→ **Material for this task**

Content starts

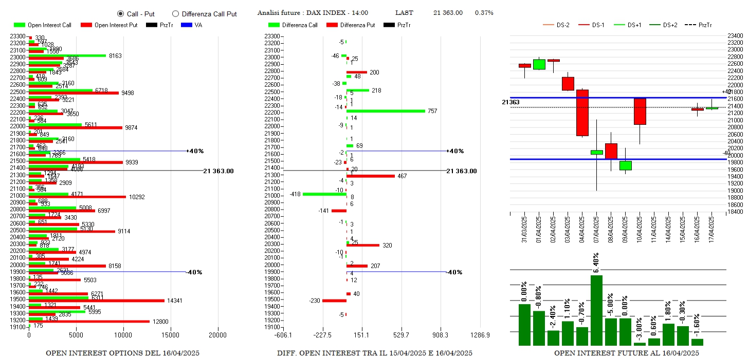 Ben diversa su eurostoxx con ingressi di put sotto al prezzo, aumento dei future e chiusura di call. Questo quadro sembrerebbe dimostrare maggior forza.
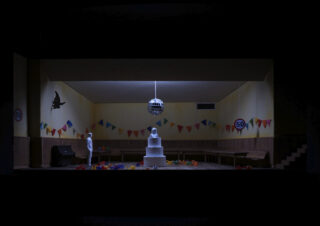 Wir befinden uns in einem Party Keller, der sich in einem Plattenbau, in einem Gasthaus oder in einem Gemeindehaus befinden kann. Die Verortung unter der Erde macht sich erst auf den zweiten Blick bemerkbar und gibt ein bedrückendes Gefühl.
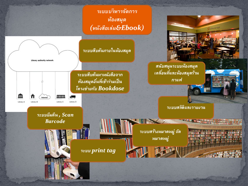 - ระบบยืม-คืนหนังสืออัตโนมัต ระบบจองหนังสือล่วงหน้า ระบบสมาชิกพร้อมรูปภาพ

Content ends
Content starts

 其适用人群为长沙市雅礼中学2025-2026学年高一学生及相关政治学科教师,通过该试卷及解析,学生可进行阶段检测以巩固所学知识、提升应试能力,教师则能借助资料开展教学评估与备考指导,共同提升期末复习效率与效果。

Content ends

→ **What is expected**
Here the job is to copy the listing above word for word, starting at the line with "Ben diversa su" and ending at the line with "- ระบบยืม-คืนหนังสืออัตโนมัต ระบบจองหนังสือล่วงหน้า", and to leave out the pictures.

→ **Solution to this problem**
 Ben diversa su eurostoxx con ingressi di put sotto al prezzo, aumento dei future e chiusura di call. Questo quadro sembrerebbe dimostrare maggior forza.
 Wir befinden uns in einem Party Keller, der sich in einem Plattenbau, in einem Gasthaus oder in einem Gemeindehaus befinden kann. Die Verortung unter der Erde macht sich erst auf den zweiten Blick bemerkbar und gibt ein bedrückendes Gefühl.
 - ระบบยืม-คืนหนังสืออัตโนมัต ระบบจองหนังสือล่วงหน้า ระบบสมาชิกพร้อมรูปภาพ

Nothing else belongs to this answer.